Environmental Expenditures:  We accrue and expense the undiscounted environmental costs necessary to remediate existing conditions related to past operations when the future costs are probable and reasonably estimable.  At year‑end 2015, our reserve for estimated remediation liabilities was approximately $80 million and was included within accrued liabilities.  Environmental expenditures that increase the life or efficiency of property or reduce or prevent future adverse impacts to the environment are capitalized.

New Accounting Pronouncements:  In May 2014, the FASB issued Accounting Standards Update (ASU) 2014-09, Revenue from Contracts with Customers, as a new Accounting Standards Codification (ASC) Topic ASC 606.  This ASU is effective for us beginning in the first quarter of 2018, with early adoption permitted from the first quarter of 2017.  We are currently assessing the impact of the ASU on our consolidated financial statements.
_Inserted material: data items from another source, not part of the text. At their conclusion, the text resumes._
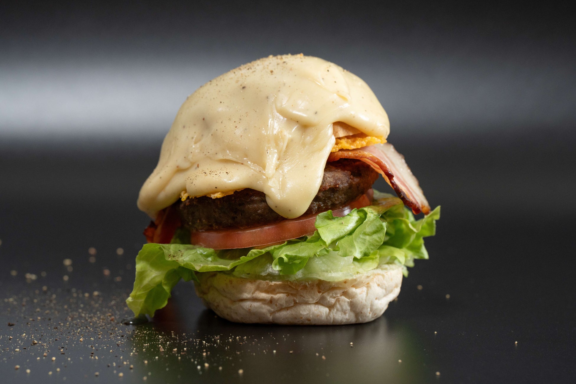 モッツァレラやゴーダチーズを使用したソースがたっぷりかかったチーズフォンデュ風のキングバーガー。クリーミーでマイルドな味わいのソースはくどすぎず飽きのこない仕上がりに。インパクトのある見た目とパティだけでなくベーコンも入った具材はまさにKINGの名のとおりボリューム感もたっぷり。カリカリに焼き上げたチーズのトッピングもお楽しみください。
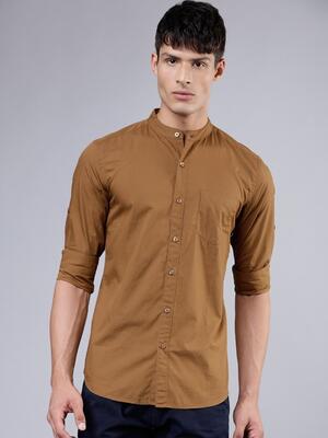 HIGHLANDER Men Khaki Brown Slim Fit Solid Casual Shirt
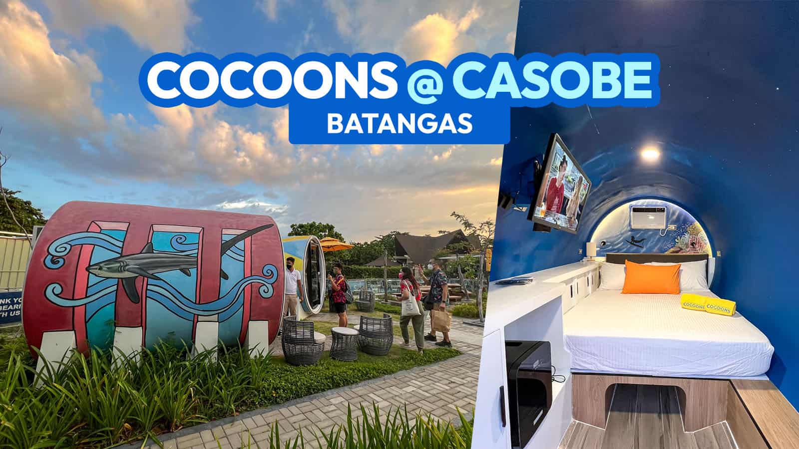 Cocoons at CaSoBe offers fully air-conditioned Garden Cocoons with amenities, good for two pax. Booking a cocoon provides you access to Aquaria Water Park and Calatagan South Beach. These published rates are inclusive of taxes.
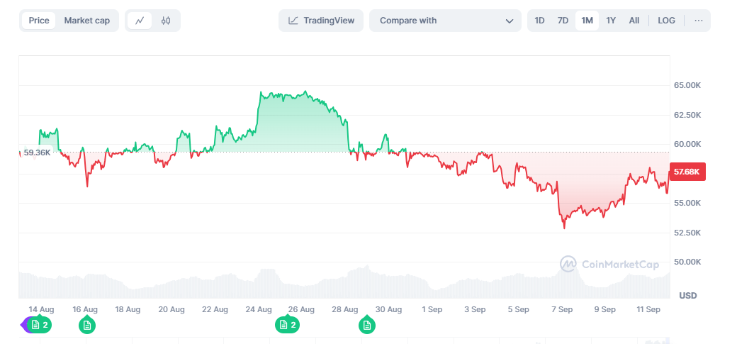 Mit DCA nutzt der Anleger die Vorteile der Marktvolatilität, indem er das Risiko verteilt. Am 11. September 2024 beispielsweise bewegte sich der BTC-Kurs innerhalb von 30 Tagen in einem Bereich von 52 bis 64 USD.
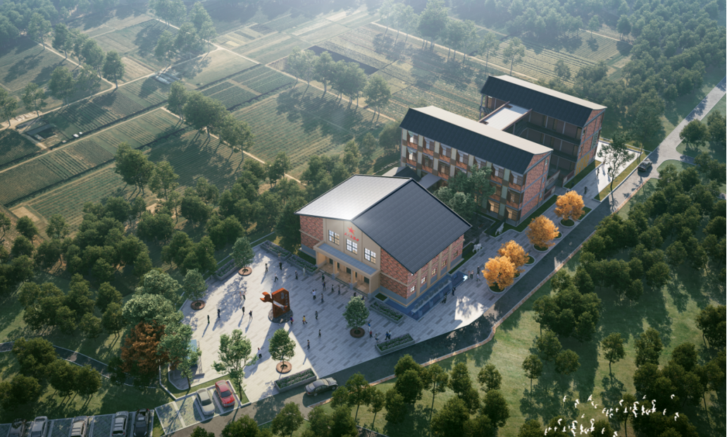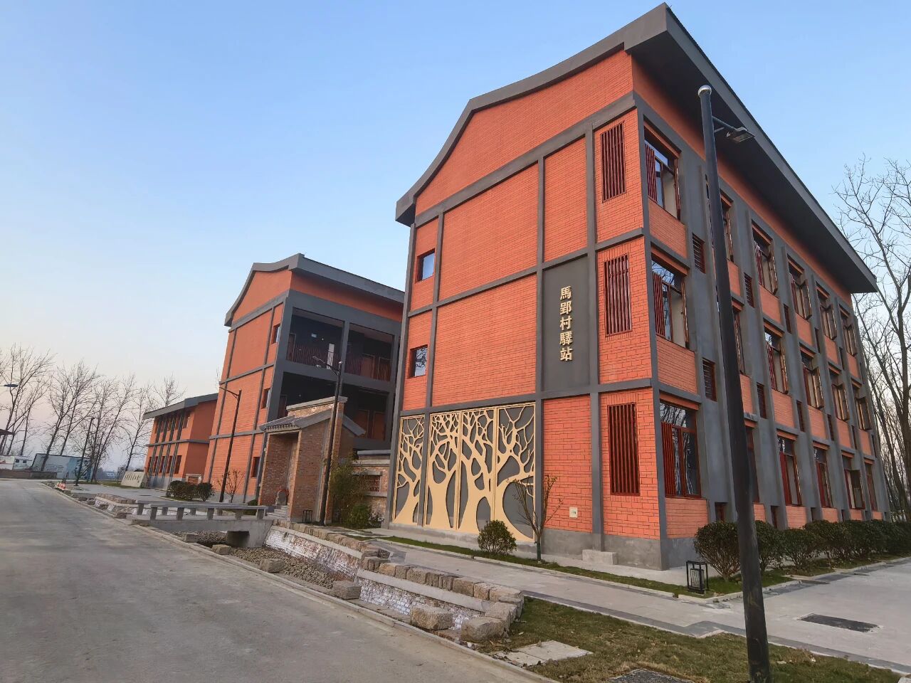 马郢村承载着长丰县“长治久安、人寿年丰”的历史底蕴,如今以草莓文化节、戏曲传承和乡村旅游为特色,形成了独特的“马郢精神”。项目团队用“一座楼、一条路、一段故事”的设计理念,让驿站成为连接过去与现在的文化载体,不仅丰富了乡村旅游服务功能,也成为马郢村展示形象的重要窗口。在规划布局上,充分考虑游客体验,文化广场、服务用房和社区驿站,串联起活动空间、文化鉴赏和休憩需求,使游客能够切身感受马郢村的历史与温度。建筑外立面采用仿红砖风格,搭配错落砌筑的院墙和精致的水景,既保留了乡村建筑的质朴感,又通过现代设计语言营造出简洁舒展的空间,使建筑本身成为一道“会说话的风景”。建筑主体采用装配式钢结构建造,在保证安全稳固的同时,通过细节传递人文关怀,让硬朗的结构中蕴含柔软的生活温度。
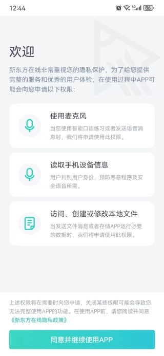2、新用户会看到欢迎页面,点击页面下方的“同意并继续使用”按钮,即可进入后续操作步骤。
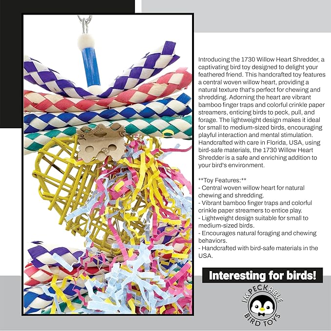 - - 1730 Willow Heart Shredder features a woven willow heart, bamboo finger traps and bright crinkle paper for shredding fun. This toy stands out in any aviary with its explosions of crinkle paper.
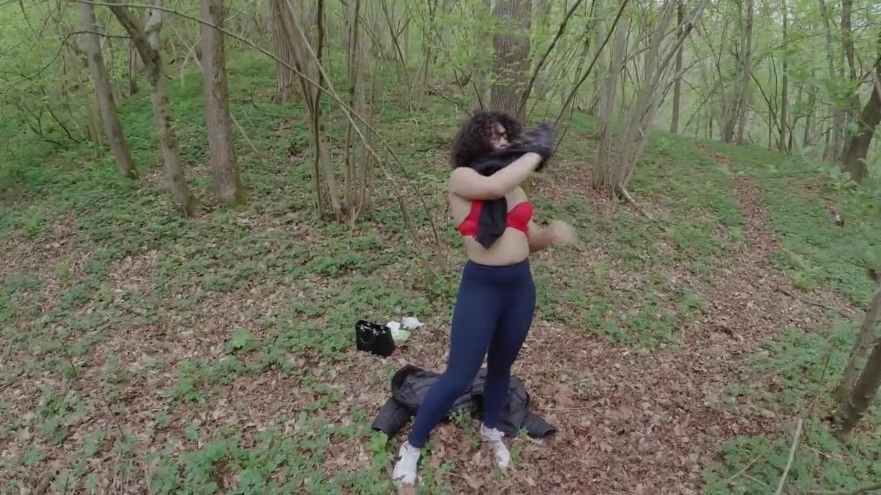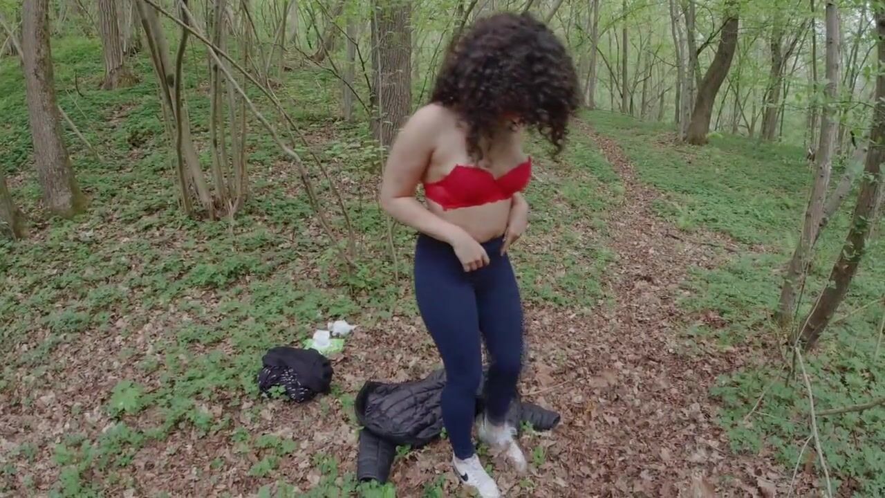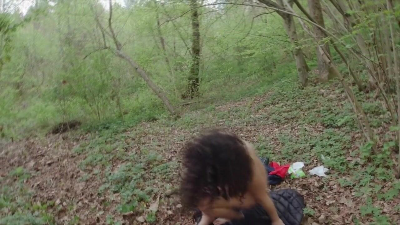 mulatto girl strips completely in the woods, then masturbates and squirts - amateur
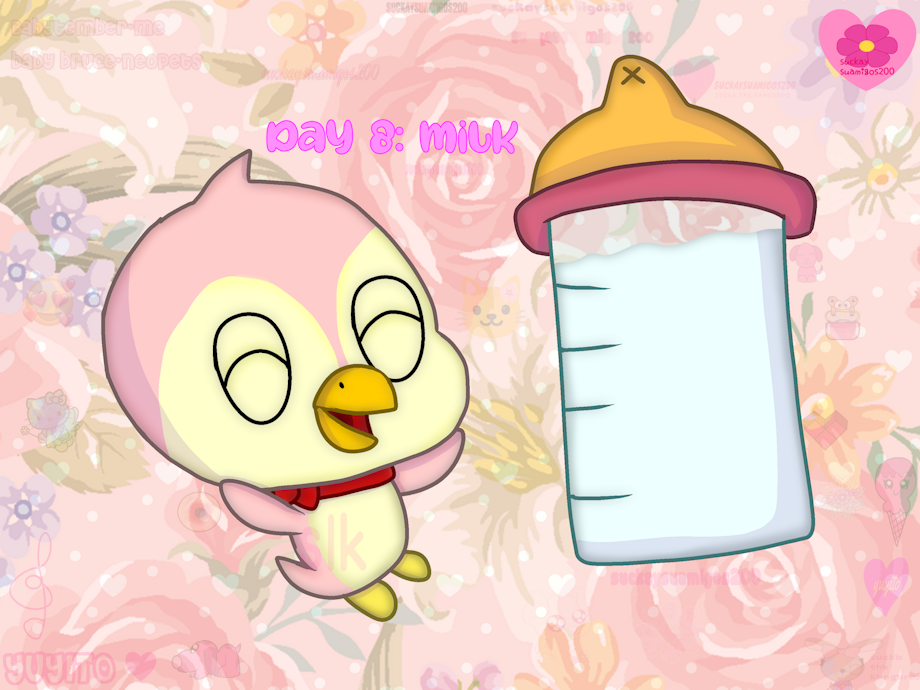 for day 8 of babytember it's up to milk and this time I decided to draw baby bruce he's happy because they're going to give him a bottle of milk 🐧🍼.
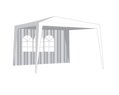 Boki namiotu z oknem - biało-zielone paski. Materiał - rozmiar: PE 100G, 2,95 x 1,9 m. Boki nadają się do pawilonów imprezowych (namiotów) 3 x 3 m. przeczytaj całość
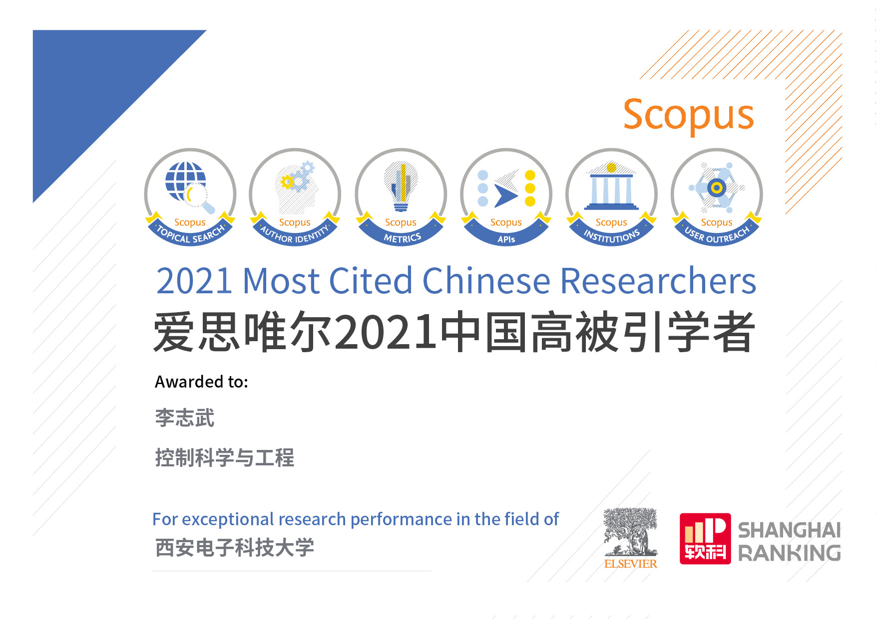 近日,全球性信息分析公司爱思唯尔(Elsevier)正式发布了2021“中国高被引学者”(Highly Cited Chinese Researchers)榜单,乐天使李志武教授入选“控制科学与工程”、苏玉鑫教授入选“机械工程”榜单,李志武教授已连续八年入选,苏玉鑫教授连续2年入选。
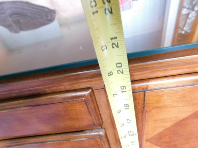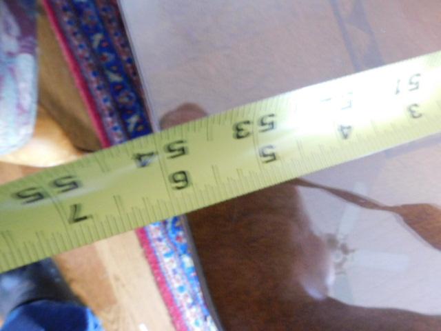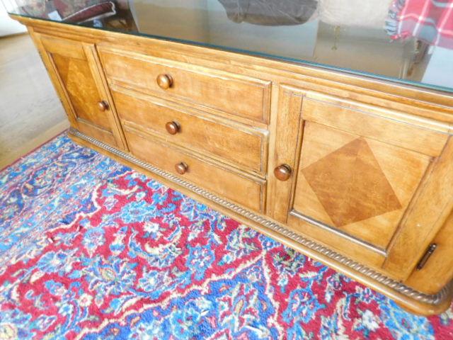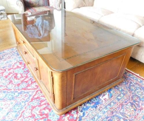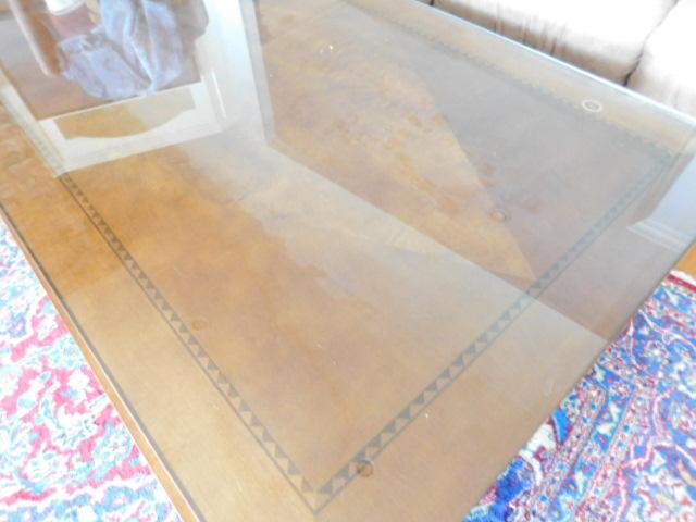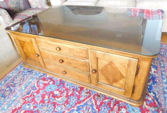 Solid Wood Coffee Table with Protective Glass Top:  54" x 34 1/2" x 20 1/2"
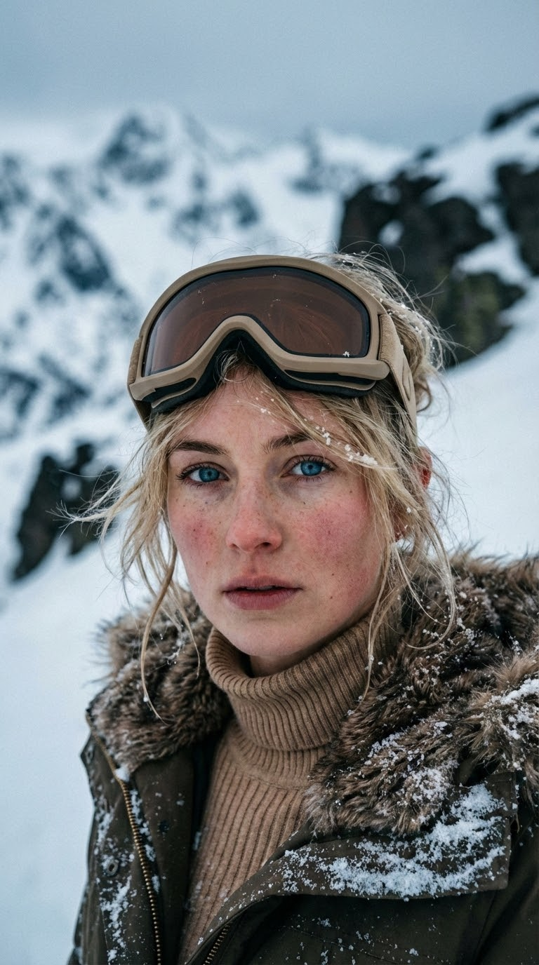 NANO BANANA PROЭлегантный кадр зимнего портрета женщины в вязаном воротнике на альпийском фоне. Яркие голубые глаза и холодная снежная атмосфера создают выразительный сюжет кадра.
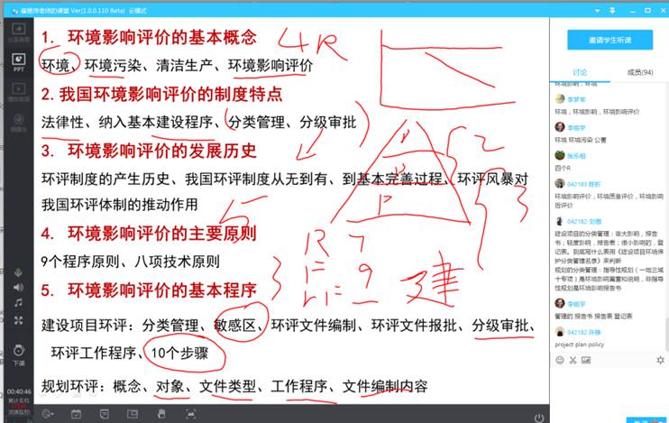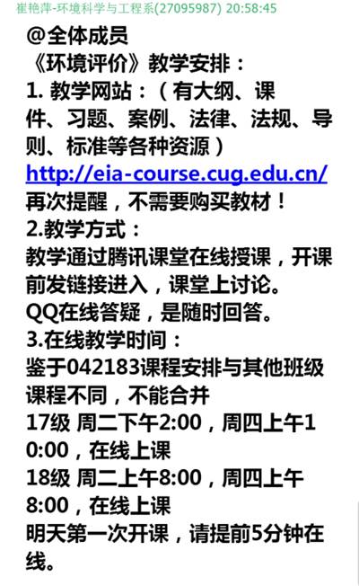 针对《环境评价》课程内容多,知识点琐碎的特点,教学方式采用“网络教学资源+腾讯课堂直播讨论+课堂作业”的方式开展。建立了《环境评价》教学网站,提供大纲、课件、习题、案例、法律、导则等各种资源,方便员工的预习和复习,课堂中以重点内容讲解、问题反馈、讨论、习题的方式,对存在问题和重点内容进行讲解。
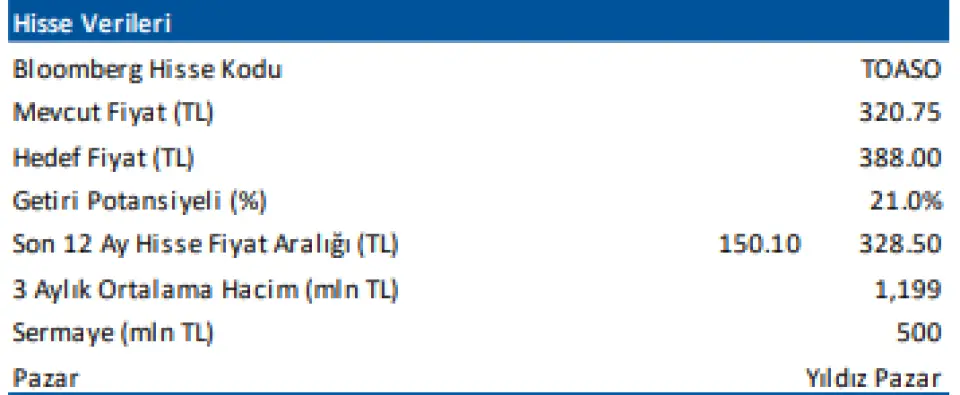 ■ Tofaş Otomobil için 12-aylık hedef fiyatımız 388,00 TL, önerimiz AL yönünde. Hisse, yıl başından itibaren BIST 100 Endeksi’nin %7,4 üzerinde performans göstermiştir. Geriye dönük 12 aylık verilere göre hisse 57,7x F/K ve 33,0x FD/FAVÖK çarpanlarıyla işlem görmektedir.
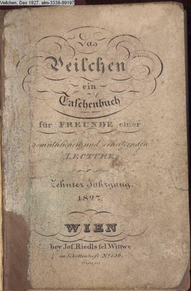 Das / Veilchen / ein / Taschenbuch / für FREUNDE / einer / gemüthlichen und erheiternden / LECTÜRE. / Zehnter Jahrgang. / 1827. / WIEN. / Jos. Riedls sel. Wittwe / am Schottenhofe No. 136
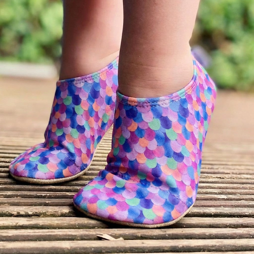 'Step into a world of fun with our Slipfree Sequin barefoot shoes Designed to look just like real sequins, these pastel-perfect shoes are covered in a beautiful scalloped pattern with soft shades of purple, pink, mint, peach, and blue—just like a dreamy underwater rainbow!
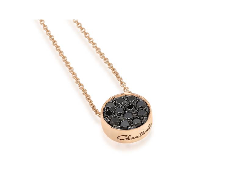 GIROCOLLO CON PENDENTE PAILETTES ORO ROSA, PAVE’ DIAMANTI NERI E SMALTO NERO PAILLETTES CHANTECLER 41410

In November 2015, the FASB issued ASU 2015-17, Balance Sheet Classification of Deferred Taxes, which requires deferred tax liabilities and assets be classified as noncurrent in a Balance Sheet.  As permitted by the standard, we adopted the changes prior to the effective date.  The retrospective application to the December 31, 2014 Consolidated Balance Sheet increased Deferred income taxes (long-term assets) by $202 million, decreased Deferred income taxes (long-term liabilities) by $171 million, and decreased Other current assets by $373 million.